[libc-dev] ppc64le and 32-bit LE userland compatibility
Daniel Kolesa via libc-dev
libc-dev at lists.llvm.org
Mon Jun 1 17:11:03 PDT 2020
On Tue, Jun 2, 2020, at 01:45, Joseph Myers wrote:
> On Tue, 2 Jun 2020, Daniel Kolesa wrote:
> > Are you sure this would be a new port? Glibc already works in this
> > combination, as it seems to me it'd be best if it was just a variant of
> > the existing 32-bit PowerPC port, sharing most conventions besides
> > endianness with the BE port.
> The supported glibc ABIs are listed at
> <https://sourceware.org/glibc/wiki/ABIList>. This would be a new ABI,
> which should have a new ABI-and-architecture-specific dynamic linker name
> (all new ports are expected to have a unique dynamic linker name for each
> ABI, to support systems using multiarch directory arrangements), new
> symbol versions and avoid legacy features such as 32-bit time or offsets
> or IBM long double.
> > 128-bit IEEE long double would not work, since that relies on VSX being
> > present (gcc will explicitly complain if it's not). I'd be all for using
> The minimum supported architecture for powerpc64le (POWER8) has VSX. My
> understanding was that the suggestion was for 32-bit userspace to run
> under powerpc64le kernels running on POWER8 or later, meaning that such a
> 32-bit LE port, and any ABI designed for such a port, can assume VSX is
> available. Or does VSX not work, at the hardware level, for 32-bit
> POWER8? (In which case you could pick another ABI for binary128 argument
> passing and return.)
POWER8 may have VSX (well, actually POWER7 and newer has VSX and can run LE, but glibc does not support this, musl potentially does), but the overall assumption here is that the resulting binaries should eventually not be limited to being just userspace under ppc64le, but should be runnable on a native kernel as well, which should not be limited to any particular baseline other than just PowerPC.

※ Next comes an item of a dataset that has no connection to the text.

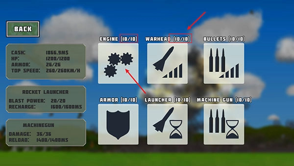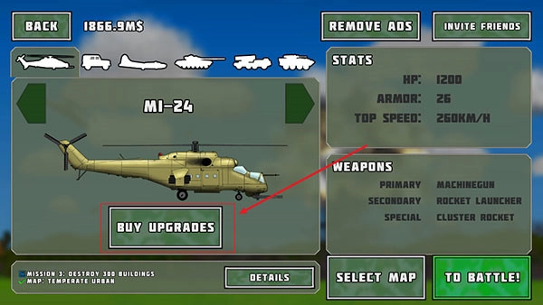 3、购买成功后,点击【BUYUPGRADES】即可进行武器升级
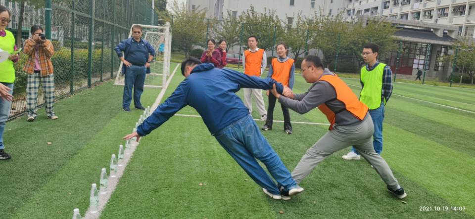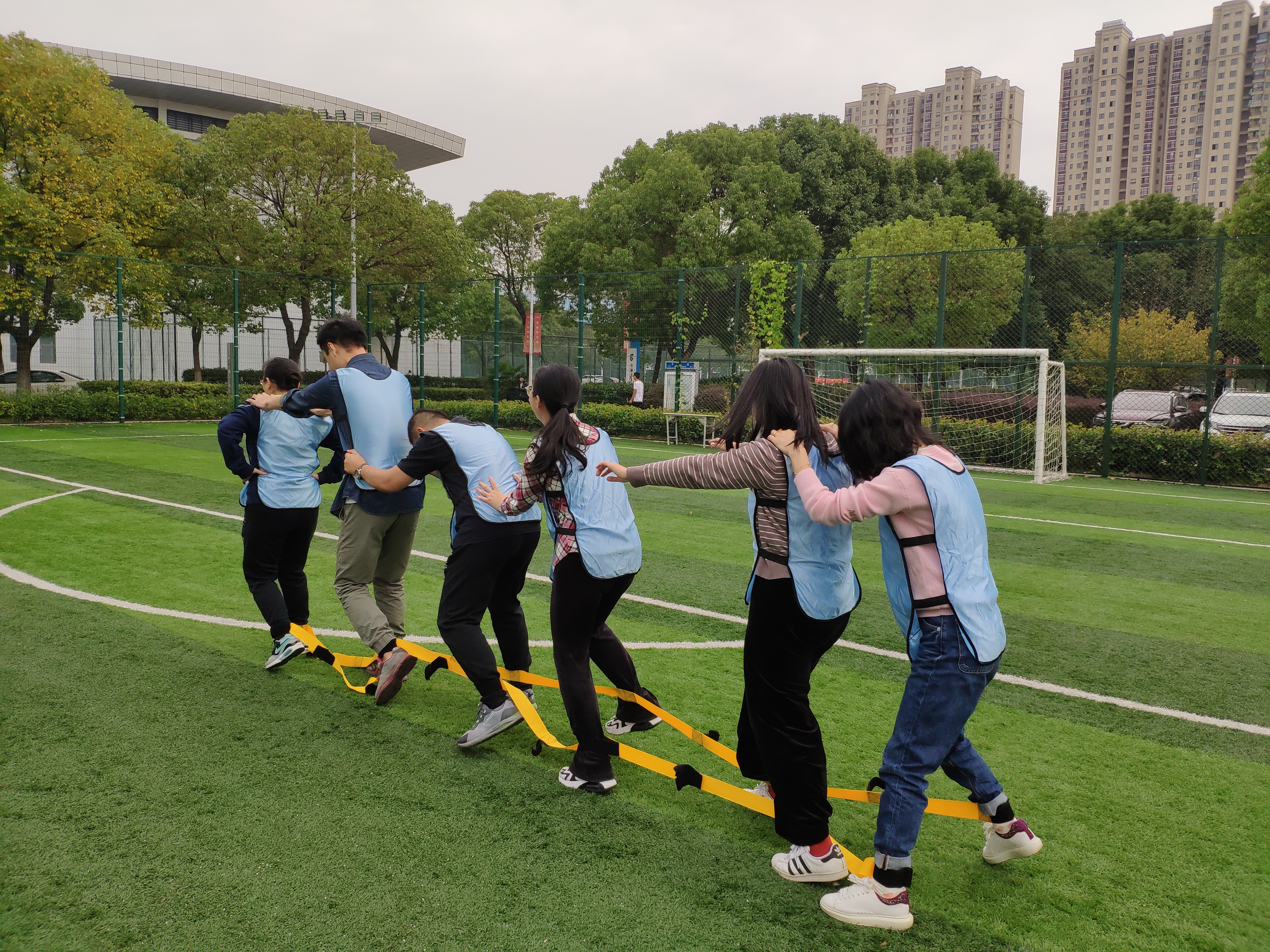 在营销系徐子州、郁小芳、唐羚3位团建培训师的引导下,老师们共同完成了鼓动人心、同心协力、群龙取水等拓展项目。此外,培训师将还老师们按系部分成三个小组进行趣味游戏竞赛,大家在游戏过程中齐心协力、默契配合,尽显风采。老师们为成功地完成集体项目而欢呼呐喊,绿茵场上留下了阵阵欢声笑语!

While it should in theory be possible to do IEEE ldbl128 using a different ABI, I don't really see any benefit in this - for one, the baseline hardware doesn't support on any level, it would mean further complicating the ABI, and it would require explicit support in the compiler, which currently doesn't exist. Using 64-bit long doubles sounds like a much better way out to me.
> > There is also one more thing while we're at this. The 64-bit big endian
> > Void port uses the ELFv2 ABI, even on glibc. This is not officially
> > supported on glibc as far as I can tell, but it does work out of box,
> > without any patching (things in general match little endian then, i.e.
> > ld64.so.2 etc, but they're big endian). Is there any chance of making
> > that support official?
> If you want to support ELFv2 for 64-bit big endian in glibc, again that
> should have a unique dynamic linker name, new symbol versions, only
> binary128 long double, etc. - avoid all the legacy aspects of the existing
> ELFv1 port rather than selectively saying that "ELFv1" itself is the only
> legacy aspect and keeping the others (when it's the others that are
> actually more problematic in glibc).
Again, the BE port cannot use binary128 long double, at least not with the same ABI as on POWER8, since it runs on all 64-bit PowerPC systems starting with 970 (G5, and potentially even POWER4 if built without AltiVec). Unique dynamic linker names are complicated, since as it is, glibc uses ld64.so.1 for ELFv1, and ld64.so.2 for ELFv2. (on 32-bit PowerPC, it's ld.so.1, and uses the SVR4 ABI which is not related to either the AIX/ELFv1 nor the ELFv2 ABIs) If we were to introduce new ports, what would those use? ld64.so.3 for BE/v2? ld.so.2 for LE/32-bit? I can see the reason for a new dynamic linker name though (multi-arch setups).
However, the effective difference between the ports would be rather minimal, if any, as far as I can see. As I already said, we have a whole glibc/ELFv2/BE system, with nearly all of the existing Linux userland covered by the distro, and there haven't been any issues whatsoever.